Por María Belén Bravo Oyaneder, abogada en derechos humanos.
El asesinato de Sara Millerey en Colombia no es un caso aislado. Es parte de una violencia que se repite en distintos países, con la misma raíz: la transfobia estructural. Cuando el asesinato de una mujer trans no conmueve a un país, algo está fallando. Y nos obliga a mirar también lo que ocurre en Chile.
América Latina sigue siendo la región más letal para personas trans. Solo entre octubre de 2023 y septiembre de 2024, se registraron al menos 255 asesinatos, según Transgender Europe (TGEU). Las cifras no alcanzan a mostrar la dimensión de esta violencia. Porque no es solo física. Es simbólica, institucional y cotidiana. Comienza en la infancia, con el rechazo, el silencio, el bullying. Se expresa en la expulsión de los sistemas de salud, de educación, del trabajo. Y muchas veces termina con la muerte.
En Chile, el proyecto que busca modificar la Ley Antidiscriminación (actualmente en Comisión Mixta) propone avances: reparación, sanciones más claras, y prohibición de las mal llamadas terapias reparativas. Sin embargo, sectores conservadores insisten en bloquear derechos usando argumentos ideológicos.
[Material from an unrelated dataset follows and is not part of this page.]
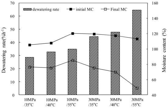 The mean MCs and standard deviations of six conditions after 1 h SuCO2 dewatering.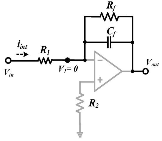 In the case of an integrator design, an active inverting integrator is applied [32,33,34,35], and a integrator resistor Rf and integrator capacitor Cf are added to the operational amplifier (OP-Amp) to limit the integrator infinite gain value to a finite gain value when a current of low frequency and the DC component flows in the integrator in Figure 9.

Lo vimos también con la reciente decisión del Tribunal Constitucional que, pese a rechazar la prohibición del financiamiento público de tratamientos hormonales para niñez y adolescencia trans, expuso una narrativa política que pone en riesgo derechos ya reconocidos.
Sara fue asesinada por ser quien era. Hablar de justicia para las personas trans no es ideología: es una exigencia jurídica, ética y humana. En un país donde se debate si avanzar o retroceder, este crimen recuerda que no hablamos de textos legales, sino de vidas concretas.